TASK TO COMPLETE:
Copy exactly the lines of the records below, and only those lines, beginning with the line that contains "Well I was at" and ending with the line that contains "8' Gray Ivory".

EXTRACTED RECORDS:
::::
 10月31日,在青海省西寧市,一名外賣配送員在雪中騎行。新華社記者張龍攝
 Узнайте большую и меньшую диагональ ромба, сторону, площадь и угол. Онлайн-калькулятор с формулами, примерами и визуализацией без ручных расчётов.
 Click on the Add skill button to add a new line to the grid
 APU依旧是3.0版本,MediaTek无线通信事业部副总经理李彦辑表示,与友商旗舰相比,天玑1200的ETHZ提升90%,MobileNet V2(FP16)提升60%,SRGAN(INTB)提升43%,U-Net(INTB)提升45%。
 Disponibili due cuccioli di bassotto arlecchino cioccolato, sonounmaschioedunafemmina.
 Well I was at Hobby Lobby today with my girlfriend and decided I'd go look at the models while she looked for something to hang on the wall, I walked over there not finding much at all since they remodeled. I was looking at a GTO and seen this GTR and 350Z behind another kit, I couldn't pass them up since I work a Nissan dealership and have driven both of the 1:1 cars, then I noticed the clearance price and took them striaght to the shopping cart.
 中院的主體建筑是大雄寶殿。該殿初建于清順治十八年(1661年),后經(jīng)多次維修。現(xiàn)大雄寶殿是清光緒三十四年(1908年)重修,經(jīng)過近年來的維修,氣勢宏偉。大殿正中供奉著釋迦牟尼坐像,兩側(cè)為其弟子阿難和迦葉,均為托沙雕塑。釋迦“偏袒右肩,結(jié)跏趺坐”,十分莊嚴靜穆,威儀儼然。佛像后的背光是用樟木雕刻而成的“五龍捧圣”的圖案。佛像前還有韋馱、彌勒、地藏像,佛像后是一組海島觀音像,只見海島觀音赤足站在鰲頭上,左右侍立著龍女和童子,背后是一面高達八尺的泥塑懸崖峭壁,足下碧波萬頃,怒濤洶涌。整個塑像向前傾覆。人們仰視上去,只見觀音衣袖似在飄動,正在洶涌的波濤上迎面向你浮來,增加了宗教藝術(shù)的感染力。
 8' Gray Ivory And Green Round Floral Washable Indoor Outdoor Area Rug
::::
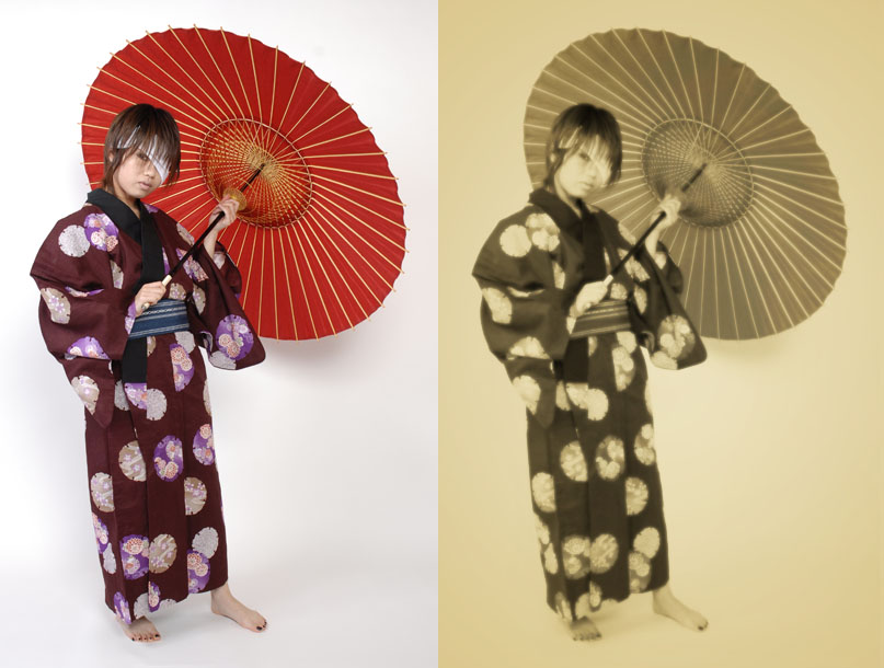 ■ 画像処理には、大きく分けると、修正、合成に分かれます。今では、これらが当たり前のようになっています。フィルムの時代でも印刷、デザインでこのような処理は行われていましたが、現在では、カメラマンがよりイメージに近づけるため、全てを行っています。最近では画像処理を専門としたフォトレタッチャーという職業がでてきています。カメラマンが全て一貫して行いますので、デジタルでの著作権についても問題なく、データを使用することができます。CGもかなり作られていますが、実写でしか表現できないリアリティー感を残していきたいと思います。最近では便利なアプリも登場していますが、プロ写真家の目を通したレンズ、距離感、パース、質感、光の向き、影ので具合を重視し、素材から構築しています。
::::
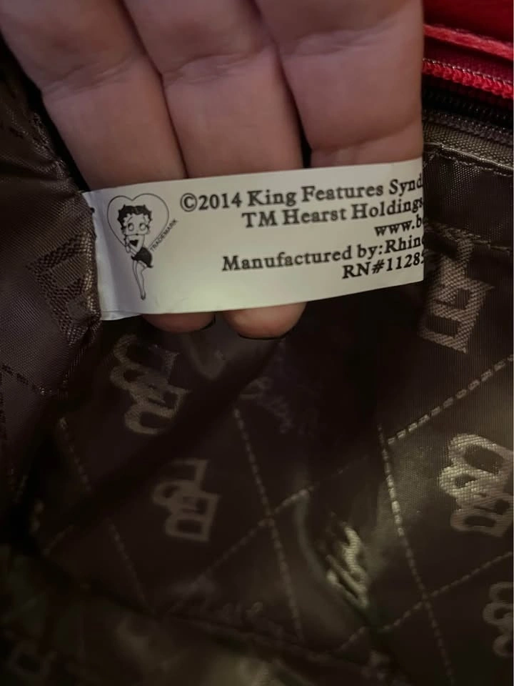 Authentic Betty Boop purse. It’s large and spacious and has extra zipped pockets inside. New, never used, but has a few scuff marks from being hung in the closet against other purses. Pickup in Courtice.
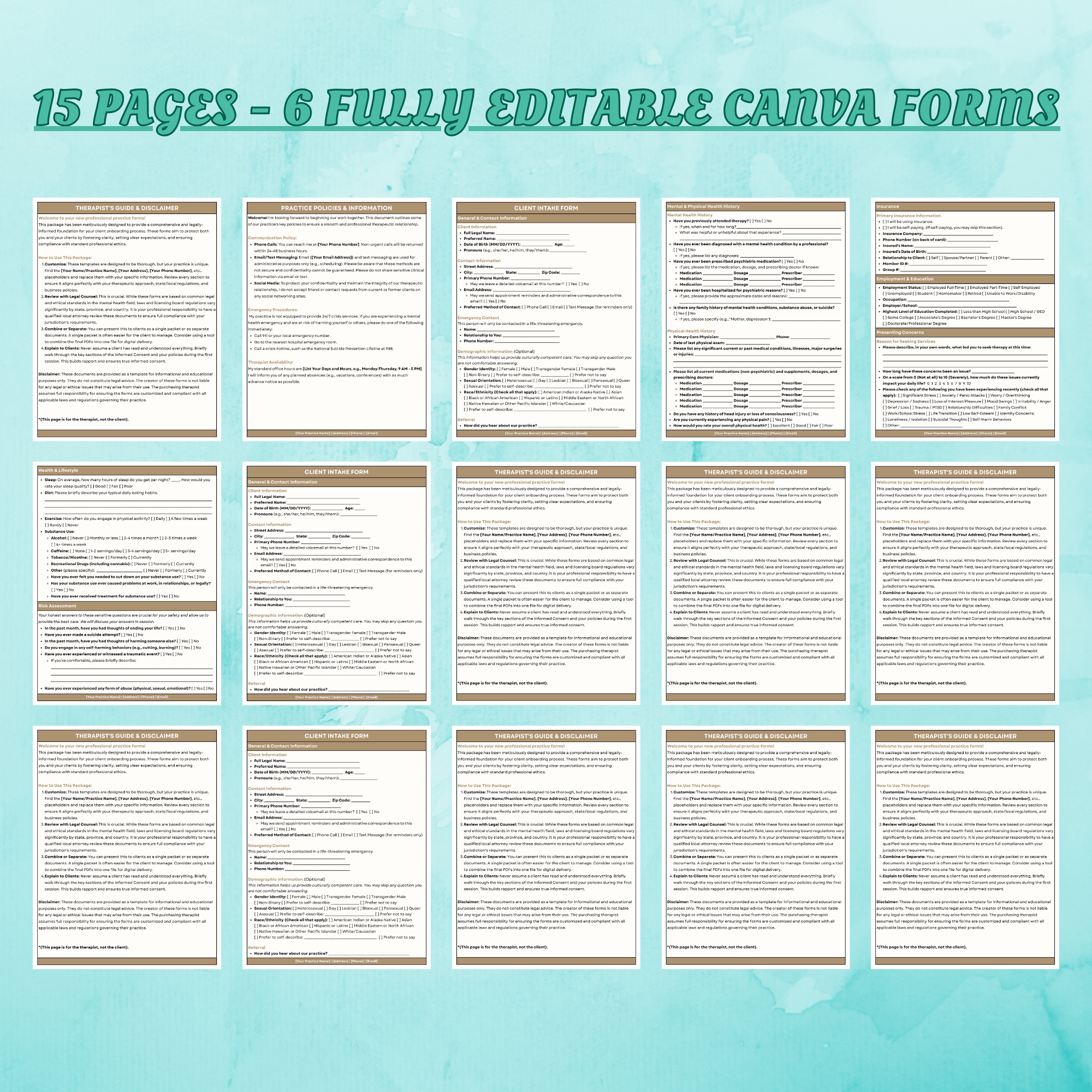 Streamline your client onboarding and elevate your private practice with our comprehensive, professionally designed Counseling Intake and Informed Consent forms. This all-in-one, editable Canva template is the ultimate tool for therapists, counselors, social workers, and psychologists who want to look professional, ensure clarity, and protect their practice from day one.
::::
RESULT FOR THIS TASK:
 Well I was at Hobby Lobby today with my girlfriend and decided I'd go look at the models while she looked for something to hang on the wall, I walked over there not finding much at all since they remodeled. I was looking at a GTO and seen this GTR and 350Z behind another kit, I couldn't pass them up since I work a Nissan dealership and have driven both of the 1:1 cars, then I noticed the clearance price and took them striaght to the shopping cart.
 中院的主體建筑是大雄寶殿。該殿初建于清順治十八年(1661年),后經(jīng)多次維修。現(xiàn)大雄寶殿是清光緒三十四年(1908年)重修,經(jīng)過近年來的維修,氣勢宏偉。大殿正中供奉著釋迦牟尼坐像,兩側(cè)為其弟子阿難和迦葉,均為托沙雕塑。釋迦“偏袒右肩,結(jié)跏趺坐”,十分莊嚴靜穆,威儀儼然。佛像后的背光是用樟木雕刻而成的“五龍捧圣”的圖案。佛像前還有韋馱、彌勒、地藏像,佛像后是一組海島觀音像,只見海島觀音赤足站在鰲頭上,左右侍立著龍女和童子,背后是一面高達八尺的泥塑懸崖峭壁,足下碧波萬頃,怒濤洶涌。整個塑像向前傾覆。人們仰視上去,只見觀音衣袖似在飄動,正在洶涌的波濤上迎面向你浮來,增加了宗教藝術(shù)的感染力。
 8' Gray Ivory And Green Round Floral Washable Indoor Outdoor Area Rug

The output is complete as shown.